Work required ::
Leave every picture out and give back the lines below from the first through the line that holds "Este batido cremoso", exactly as written.

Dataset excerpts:

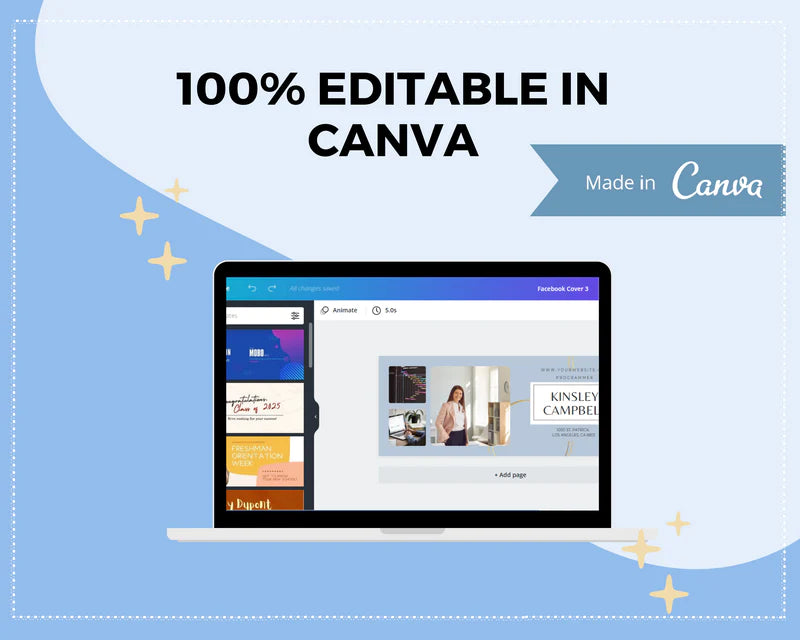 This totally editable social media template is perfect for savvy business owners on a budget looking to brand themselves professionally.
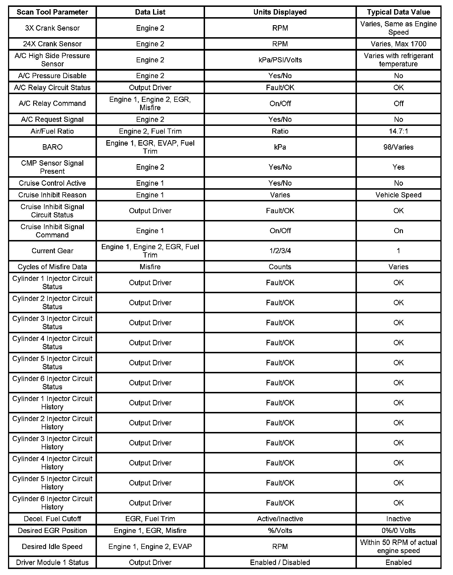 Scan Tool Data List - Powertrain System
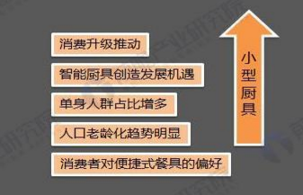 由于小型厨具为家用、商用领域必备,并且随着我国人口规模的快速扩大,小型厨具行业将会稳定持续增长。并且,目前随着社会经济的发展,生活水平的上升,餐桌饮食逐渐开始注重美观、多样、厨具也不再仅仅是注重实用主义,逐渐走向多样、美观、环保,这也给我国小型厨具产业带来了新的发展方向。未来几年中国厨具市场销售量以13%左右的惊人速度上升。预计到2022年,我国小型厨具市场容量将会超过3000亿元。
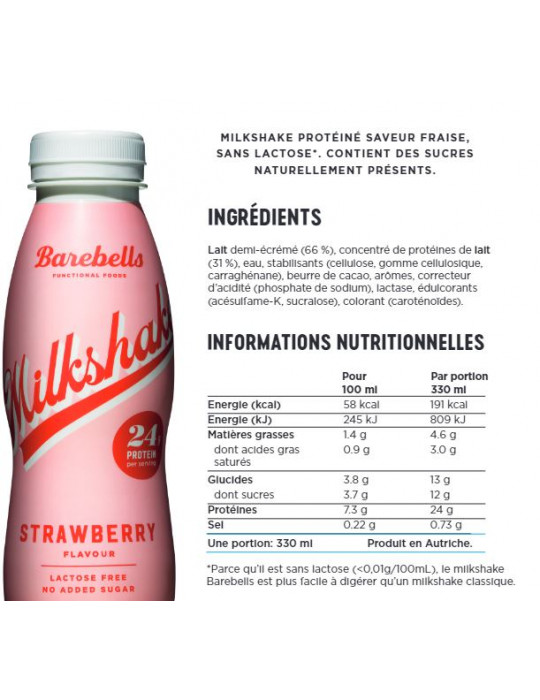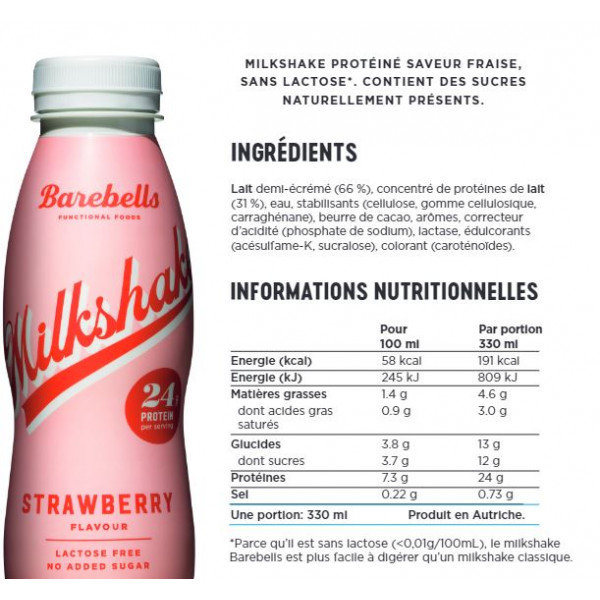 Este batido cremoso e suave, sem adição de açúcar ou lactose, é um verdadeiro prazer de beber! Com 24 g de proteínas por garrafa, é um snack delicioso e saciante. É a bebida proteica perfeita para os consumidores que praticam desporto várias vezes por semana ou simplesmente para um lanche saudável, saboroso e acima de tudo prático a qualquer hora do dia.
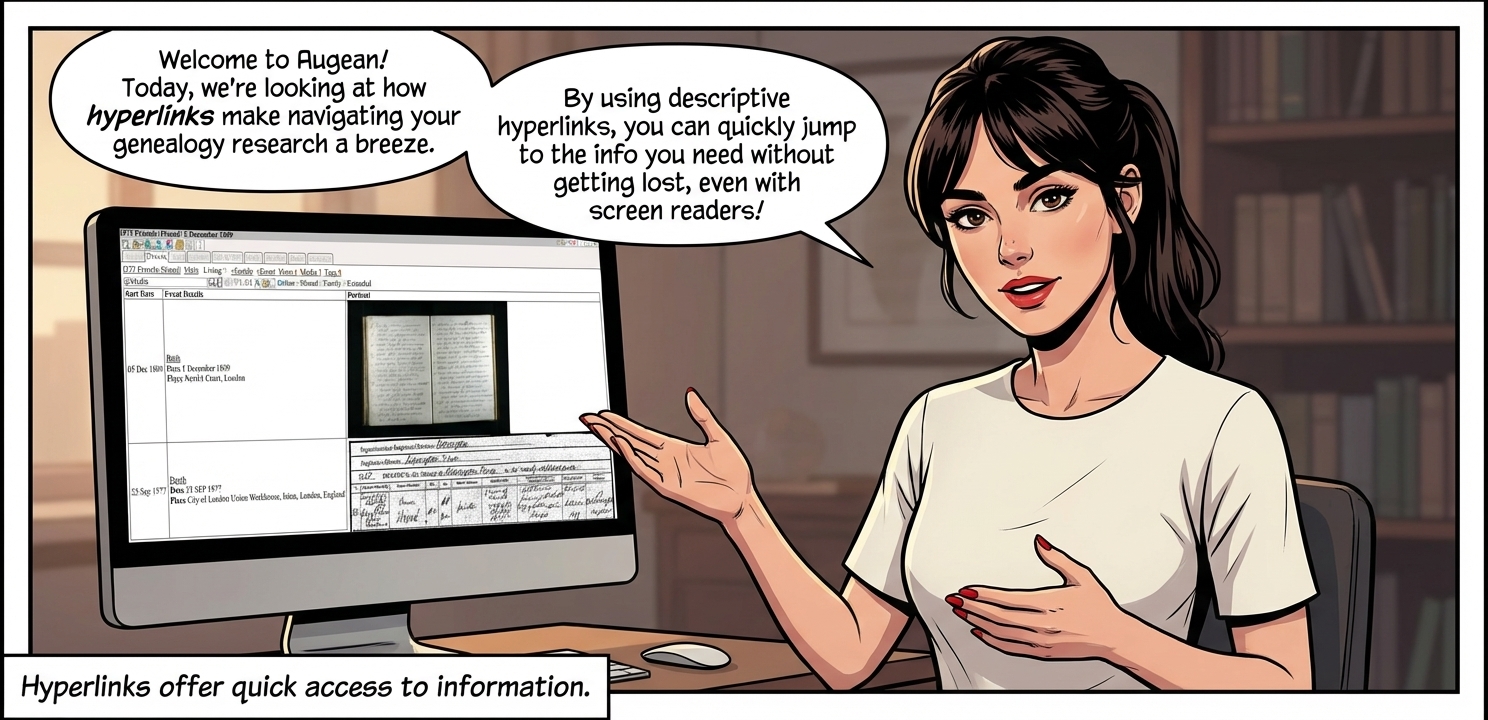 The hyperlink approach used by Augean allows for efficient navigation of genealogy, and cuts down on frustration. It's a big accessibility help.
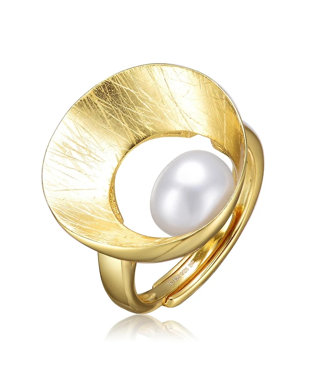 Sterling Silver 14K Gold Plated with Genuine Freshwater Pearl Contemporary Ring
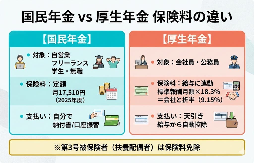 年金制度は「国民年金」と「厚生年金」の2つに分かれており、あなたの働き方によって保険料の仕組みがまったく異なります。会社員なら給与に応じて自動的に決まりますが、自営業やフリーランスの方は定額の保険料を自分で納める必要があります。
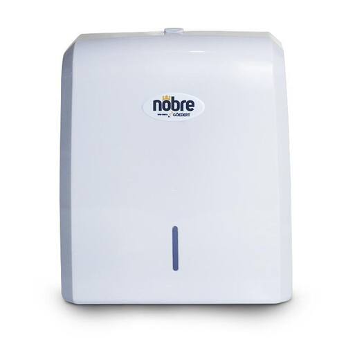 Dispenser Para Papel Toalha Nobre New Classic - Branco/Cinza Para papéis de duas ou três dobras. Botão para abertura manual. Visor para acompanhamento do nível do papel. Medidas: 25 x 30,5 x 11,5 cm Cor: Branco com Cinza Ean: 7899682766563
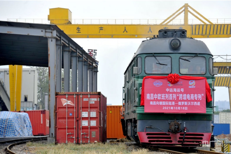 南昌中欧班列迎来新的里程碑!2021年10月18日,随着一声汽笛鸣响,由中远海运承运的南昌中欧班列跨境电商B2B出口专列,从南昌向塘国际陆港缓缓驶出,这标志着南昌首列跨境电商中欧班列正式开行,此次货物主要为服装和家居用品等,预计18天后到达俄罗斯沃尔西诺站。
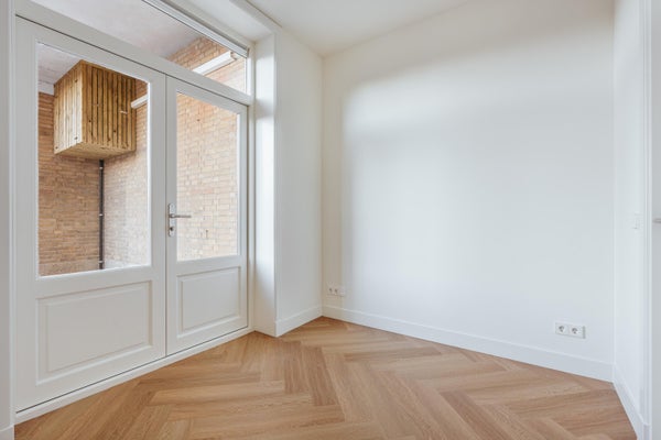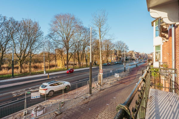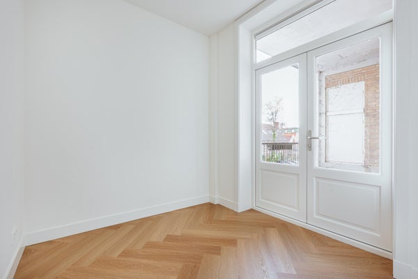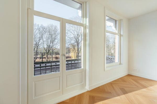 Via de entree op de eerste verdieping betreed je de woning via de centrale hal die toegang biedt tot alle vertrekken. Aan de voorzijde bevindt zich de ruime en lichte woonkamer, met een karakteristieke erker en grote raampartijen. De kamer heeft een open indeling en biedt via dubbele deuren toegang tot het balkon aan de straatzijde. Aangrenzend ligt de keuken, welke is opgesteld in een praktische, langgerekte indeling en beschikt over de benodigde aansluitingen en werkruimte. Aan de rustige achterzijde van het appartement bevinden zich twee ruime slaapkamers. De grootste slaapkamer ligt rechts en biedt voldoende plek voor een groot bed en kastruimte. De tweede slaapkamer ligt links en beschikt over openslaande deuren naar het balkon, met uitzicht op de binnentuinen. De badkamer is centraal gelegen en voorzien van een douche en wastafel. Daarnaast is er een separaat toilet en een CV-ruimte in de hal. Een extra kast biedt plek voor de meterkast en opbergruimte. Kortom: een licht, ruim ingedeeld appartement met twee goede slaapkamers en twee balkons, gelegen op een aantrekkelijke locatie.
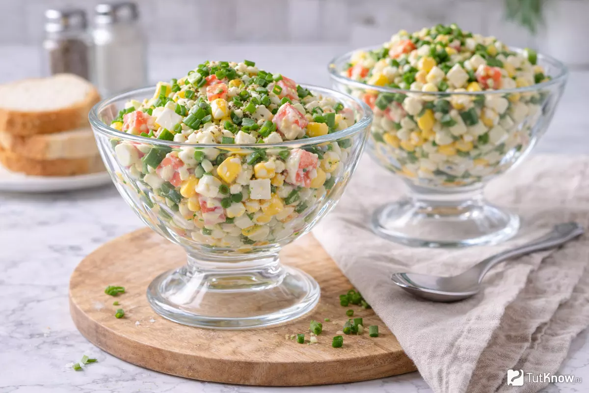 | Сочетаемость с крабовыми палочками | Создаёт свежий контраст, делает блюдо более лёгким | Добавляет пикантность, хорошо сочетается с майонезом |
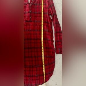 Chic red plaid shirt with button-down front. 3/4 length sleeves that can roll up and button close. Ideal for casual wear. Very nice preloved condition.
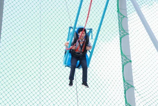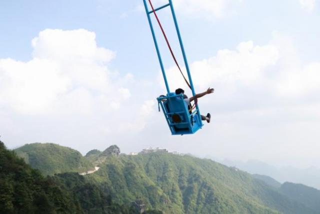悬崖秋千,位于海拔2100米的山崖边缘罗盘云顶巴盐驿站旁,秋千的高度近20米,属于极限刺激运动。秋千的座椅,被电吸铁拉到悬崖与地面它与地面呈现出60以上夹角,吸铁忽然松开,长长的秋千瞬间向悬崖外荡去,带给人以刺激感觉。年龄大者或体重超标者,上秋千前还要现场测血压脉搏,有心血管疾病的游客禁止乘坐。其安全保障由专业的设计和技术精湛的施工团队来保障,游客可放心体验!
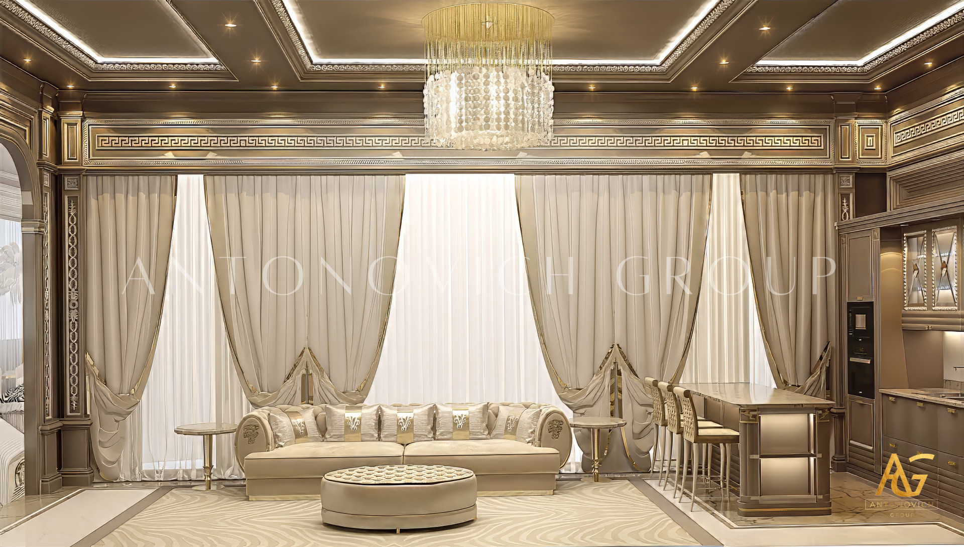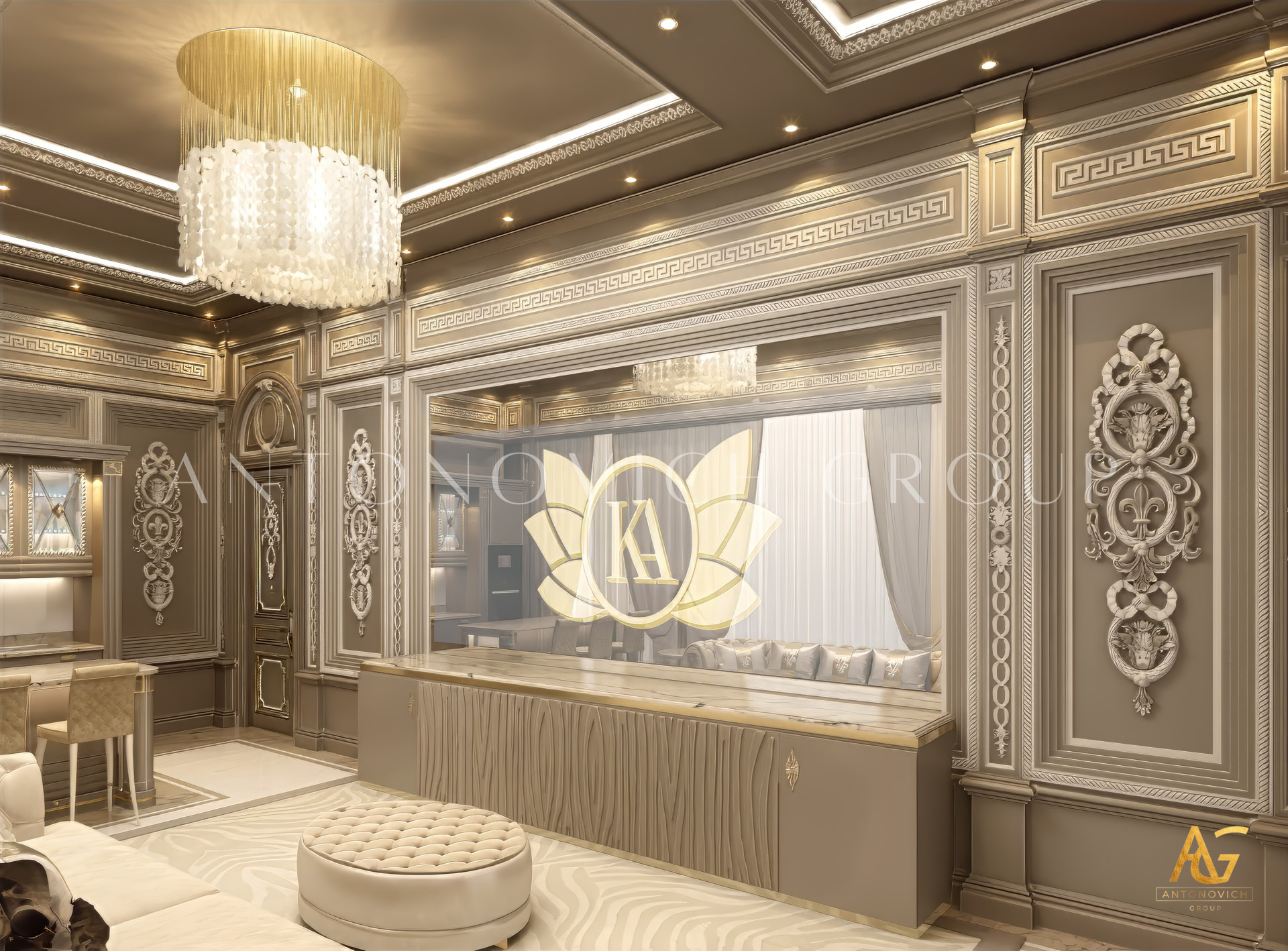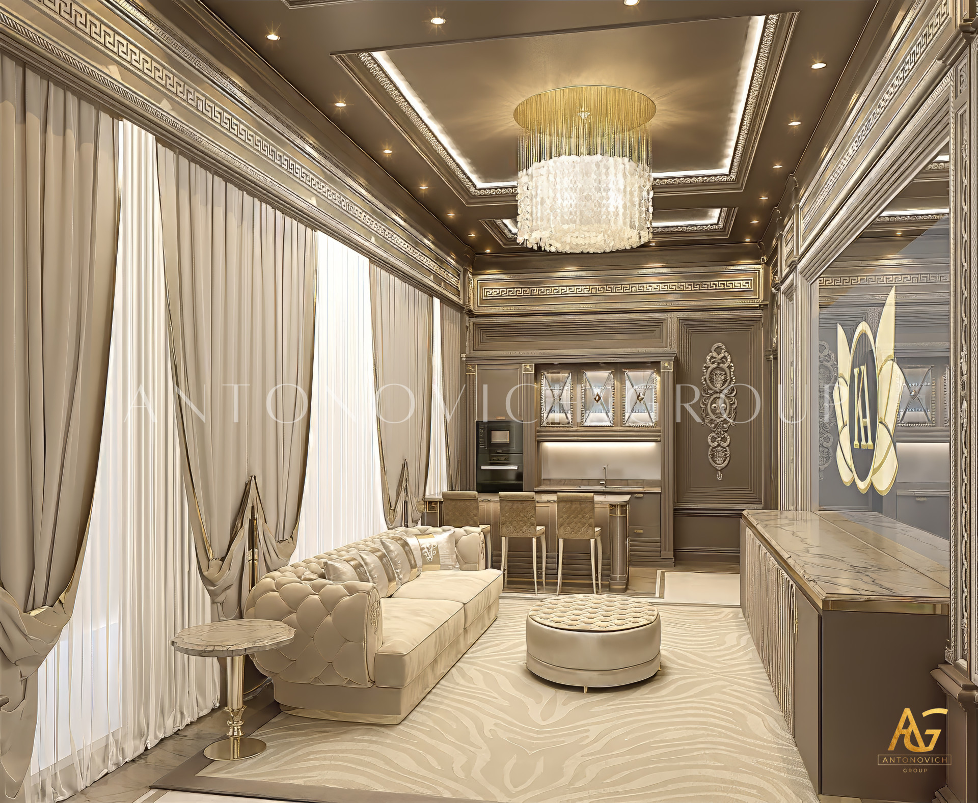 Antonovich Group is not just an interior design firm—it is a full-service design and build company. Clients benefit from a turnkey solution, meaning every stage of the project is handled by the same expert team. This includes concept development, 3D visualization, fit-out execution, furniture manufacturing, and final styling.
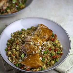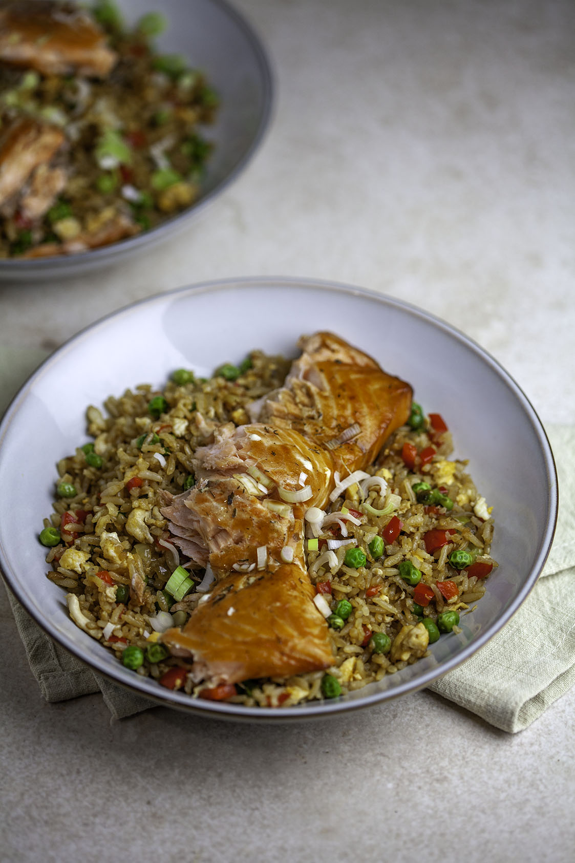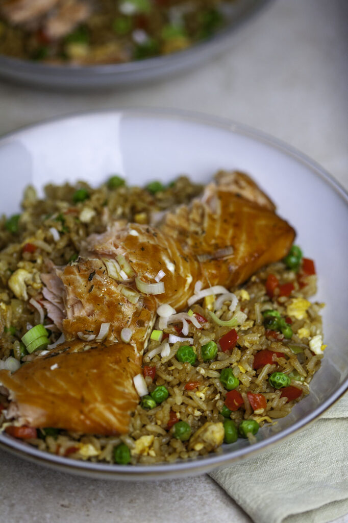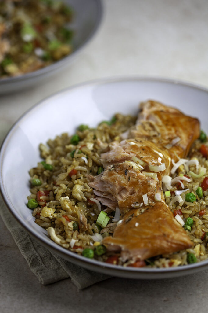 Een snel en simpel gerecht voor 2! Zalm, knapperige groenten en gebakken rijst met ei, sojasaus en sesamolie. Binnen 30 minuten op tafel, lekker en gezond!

Exercise response ::
 This totally editable social media template is perfect for savvy business owners on a budget looking to brand themselves professionally.
 Scan Tool Data List - Powertrain System
 由于小型厨具为家用、商用领域必备,并且随着我国人口规模的快速扩大,小型厨具行业将会稳定持续增长。并且,目前随着社会经济的发展,生活水平的上升,餐桌饮食逐渐开始注重美观、多样、厨具也不再仅仅是注重实用主义,逐渐走向多样、美观、环保,这也给我国小型厨具产业带来了新的发展方向。未来几年中国厨具市场销售量以13%左右的惊人速度上升。预计到2022年,我国小型厨具市场容量将会超过3000亿元。
 Este batido cremoso e suave, sem adição de açúcar ou lactose, é um verdadeiro prazer de beber! Com 24 g de proteínas por garrafa, é um snack delicioso e saciante. É a bebida proteica perfeita para os consumidores que praticam desporto várias vezes por semana ou simplesmente para um lanche saudável, saboroso e acima de tudo prático a qualquer hora do dia.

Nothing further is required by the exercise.